Penal substitutionary atonement is the one popular among the neo-Calvinists, like Mark Driscoll, John Piper, and the rest of The Gospel Coalition. This takes a legal metaphor, where there is a clear cause and effect according to the law, which cannot be waived. The punishment for sin is God's unending wrath. Christ stands in between us, allowing God to pour out his wrath on Jesus, allowing the punishment to still occur, but without us having to suffer it. The problem with this, as Jonathan Brink and other have stated, is we are being saved from God, making him not a very compelling God to love. The governmental theory is similar, emphasizing that Christ's sacrifice allowed God to be both just and merciful at the same time.

The satisfaction theory of atonement is also similar. It takes on a legal tone, whereby Christ's death is paying restitution for the wrongs of man. It "satisfies" the debt we have incurred.

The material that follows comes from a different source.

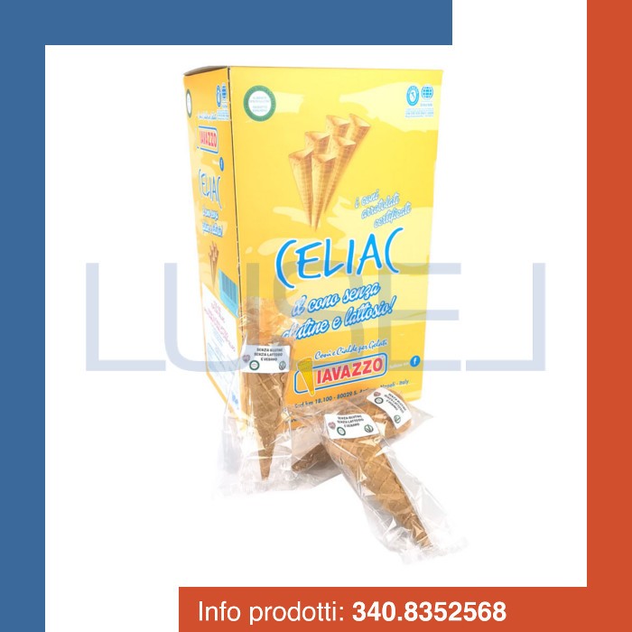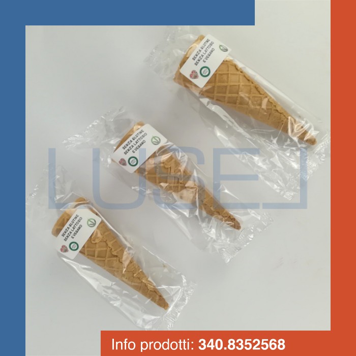 Cono per gelato senza glutine, coni per gelaterie farina di riso imbustato singolarmente ideale per i celiaci ed i vegani. Si caratterizza per il suo gusto delicato e per la sua estrema croccantezza.

On the other side, there is a ransom theory of atonement. Ultimately, the idea is that the world is under the power of Satan. Christ's death is a ransom to take us out o the power of Satan and back into the hands of God. CS Lewis' depiction of Aslan dying to ransom Edmund essentially depicts this view. The problem here is that this give Satan quite a lot of power, in some ways appearing to have more power over God.

The Christus Victor perspective is often presented along with ransom theory, although there are differences. The idea of this theory is that Christ is victorious against all evil in the world through his death and resurrection, thereby squashing the power of Satan. Gregory Boyd presents a compelling, holistic view of the Christus Victor perspective, though, giving Satan much less power than in the traditional ransom theory. Ed Cyzewski wrote about how Christus Victor can be a response to the limited perspective of substitutionary atonement, while Mark Galli at Christianity today recently posted a piece exploring the limitations of some Christus Victor perspectives.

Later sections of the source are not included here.